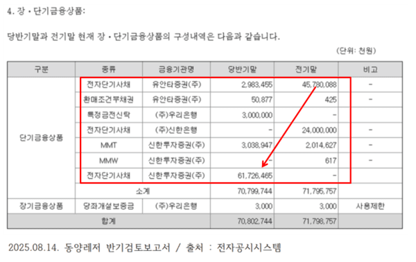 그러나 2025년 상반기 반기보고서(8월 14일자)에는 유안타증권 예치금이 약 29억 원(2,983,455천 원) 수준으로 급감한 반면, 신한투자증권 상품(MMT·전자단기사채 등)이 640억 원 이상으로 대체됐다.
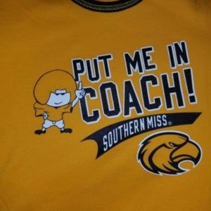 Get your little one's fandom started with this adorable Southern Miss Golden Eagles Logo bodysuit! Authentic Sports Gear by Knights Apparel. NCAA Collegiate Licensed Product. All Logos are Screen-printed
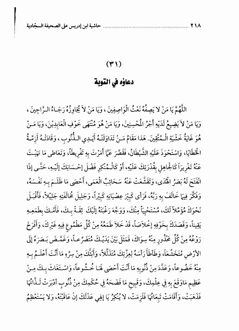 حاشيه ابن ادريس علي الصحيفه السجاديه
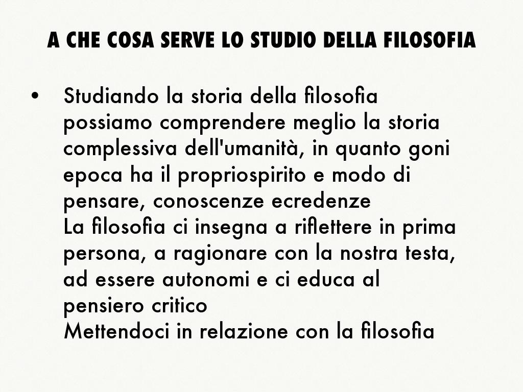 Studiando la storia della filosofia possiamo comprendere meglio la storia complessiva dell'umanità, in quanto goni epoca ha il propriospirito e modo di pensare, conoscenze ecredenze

* * *

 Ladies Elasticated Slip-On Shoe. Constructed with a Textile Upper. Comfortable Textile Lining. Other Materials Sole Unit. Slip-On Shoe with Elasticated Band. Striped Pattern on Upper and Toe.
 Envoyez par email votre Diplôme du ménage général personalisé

(PROBLEM DETAILS): Working from the entries above, please transcribe only the lines from the line with "그러나 2025년 상반기" through the line with "حاشيه ابن ادريس علي الصحيفه السجاديه", exactly, with both end lines and without pictures.

(RESULT OF THIS TASK):
 그러나 2025년 상반기 반기보고서(8월 14일자)에는 유안타증권 예치금이 약 29억 원(2,983,455천 원) 수준으로 급감한 반면, 신한투자증권 상품(MMT·전자단기사채 등)이 640억 원 이상으로 대체됐다.
 Get your little one's fandom started with this adorable Southern Miss Golden Eagles Logo bodysuit! Authentic Sports Gear by Knights Apparel. NCAA Collegiate Licensed Product. All Logos are Screen-printed
 حاشيه ابن ادريس علي الصحيفه السجاديه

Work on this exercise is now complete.